Tarih 8 Nisan 2008. Günlerden Salı.
27. Uluslararası Film
Festivali’nin 4 . günü.
Ve ben hala festivale uğramamışım. Çok şansızım sanırım, çakışan vize sınavlarım bir yanda gitmek istediğim filmler diğer yanda. Yaklaşık
1 hafta önceden kitapçığımı almış ve 7 film seçmiştim. En azından diğerlerine bilet bulamasam da ikinci haftam garanti
diyorum. Zorlu bir sınav çıkışı
Taksim'deyim. Emek sinemasının gişesine “Güneşli Kent” (Milyang)e bir bilet”
diyorum. İçeri girip koltuğumu buluyorum. Yanına oturduğum beyefendi bana
soruyor “Recep İvedik filmi değil mi bacım?” Biletine bakıyorum, kendisine
festival filmine geldiğini söylüyorum ve “Daha güzeldir emin olun”
diyorum. Çekmeye başladığı tespihini yan koltuktaki kadının yardımıyla elinden
bıraktırıyoruz.
“Milyang” Güney Kore’de bulunan bir kent aynı zamanda. Kore’nin 2008
Oscar adayı olan filmin yönetmeni Lee
Chang-Dong. 142 dakika olan filmde kocasını kaybettikten sonra oğluyla birlikte
onun kentine yaşamaya giden Shin-ae’nin dramını anlatılıyor. Seul’den gelip
mahalle yaşamına adapte olmaya çalışırken oğlunun kaçırılmasıyla alt-üst olan
anne çözüm yolunu dinde buluyor. Ancak kısa bir süreliğine. Çevresinde dolanan
araba tamircisi Jong Chan’ın da onun
için hiç anlamı yok. İçinde biriken acıları komşularıyla toplanıp dua etmekle aşacağını
düşünen anne sonunda yanıldığını anlıyor. Boğazınızda bir yumrukla filmi
izliyorsunuz. Ben fazla dayanamıyorum, mendiller sırılsıklam. Arada gülsek de
“Güneşli Kent”i izledikten sonra bazı şeyler sorgulamaya başlıyorsunuz.

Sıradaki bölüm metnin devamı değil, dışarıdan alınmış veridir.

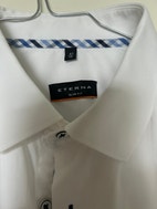 Eterna, Slim Fit - valkoinen - koko 41/16 - haalea tahra paidassa - hinta 5 eur
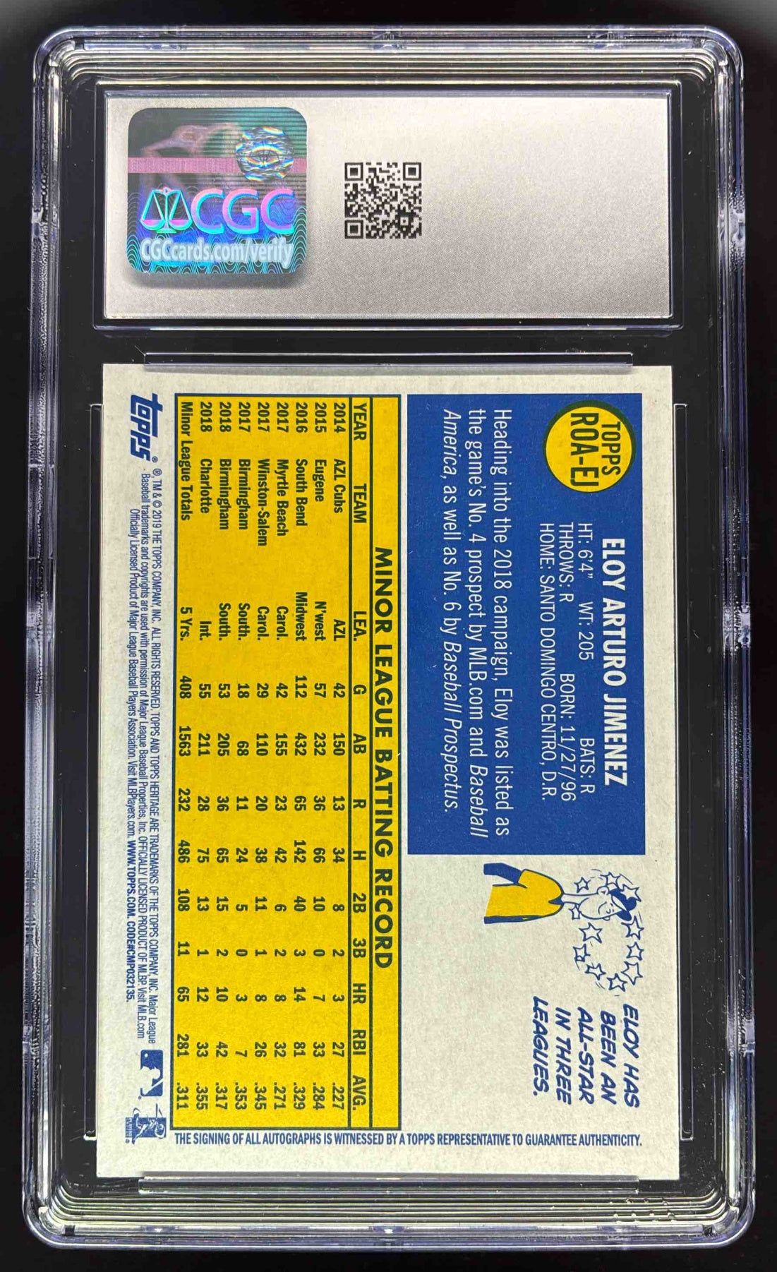 2019 Topps Heritage Real One Autographs #ROA-EJ Eloy Jimenez RC Auto CGC 10

Başka
filme gerek yok artık diyorum. Recep İvedik’i izleyemeyen adam ise halinden
gayet memnun. Eve gitme düşünme zamanı.
Çarşamba gününün incilerinden “Utanç”. Son anda buluğumuz
biletle Fitaş’a koşuyoruz. Rahat koltuklarda içimizi rahatlatamayacak filmi
izlemeye başlıyoruz. Hana Makhmalbaf’ın ilk uzun metrajlı filmi. Yönetmen
İranlı ve 1988 doğumlu ve kadın. Okula gitmek isteyen Baktay’ın bir günde
başına gelenleri konu alan film 84 dakika. Oyuncuların çoğu amatör ve çocuk. En
zorudur çocuk oyuncuyla çalışmak genç yönetmen de alnının akıyla çıkıyor bu
işten. Bir defter bir kalem alabilmek ne kadar zor Baktay’ın kentinde. Yumurta
satıp defter alacak parayı kazanmaya çalışıyor. Komşunun okula giden oğlu Abbas
ona birkaç sözcük ve komik öykü anlatıyor. Abbas’ın peşine takılıp bir şeyler
öğrenebileceği bir okul arıyor Afganistan dağlarında... Bamyan’da teröristçilik
oynayan çocukların eline düşüyor. Güç bela aldığı defterinin sayfaları savaş
uçağı oluyor, annesinin kalem yerine kullanmak istediği ruju da recm cezasının
nedeni. İzleyici tedirgin, çocuklar Baktay’a zarar verecek mi? Bir grup küçük
çocuk bu kadar şiddet dolu olabilir mi? Olamaz, olmamalı da. Çocuk dediğin oyun
oynar, okula gider, büyümek ister ve en önemlisi çocuk barış ister. Zar zor
ellerinden kurtulsa da gittiği okullar minik kızı kabul etmez. Abbasla eve
dönerken kötü çocuklar yollarını keser ve teslim olmasını yani ölmesini
isterler. Ellerindeki dal parçalarını ateşlerler ve Baktay ölmek istemez. ”Ben savaş oyununu sevmedim, oynamak
istemiyorum.” Abbas kurtulması için bağırır.”Bu bir oyun ölmezsen özgür olamazsın, Öl Baktay!” Minik kız kendini
tarlaya bırakır. Ve Buda heykeli şiddetli bir patlamayla yıkılır. Beklenmeyen bir
son sahne. Acaba son mu? Bol ödüllü filmle savaş oyunu oynamak istemediğimizi bir
kez daha anlıyoruz.
Filmin adı “Karoy”. Kazakistan yapımı, 95 dakika. Yönetmeni
Zhanna Issabayeva. Bir adam ne kadar zayıf ne kadar güçsüz olabilir ve ne kadar
yalancı, ahlaksız... Böyle insanlar vardır çevremizde ancak bunu konu alan bir
film çekmek kaç kişinin aklına gelir ki? Azat hakkındaki bu dramatik komedi
sayesinde hem gülüyoruz Azat’a hem küfür ediyoruz içimizden. Nasıl bir insansın
sen ya, hırsızsın, dolandırıcısın, yalancısın üstüne bir de tecavüzcüsün. Katil
de mi olacaksın yoksa? On parmağında on
marifet! Her zaman dönüşün vardır Azat. Ancak senin tercihin nedir?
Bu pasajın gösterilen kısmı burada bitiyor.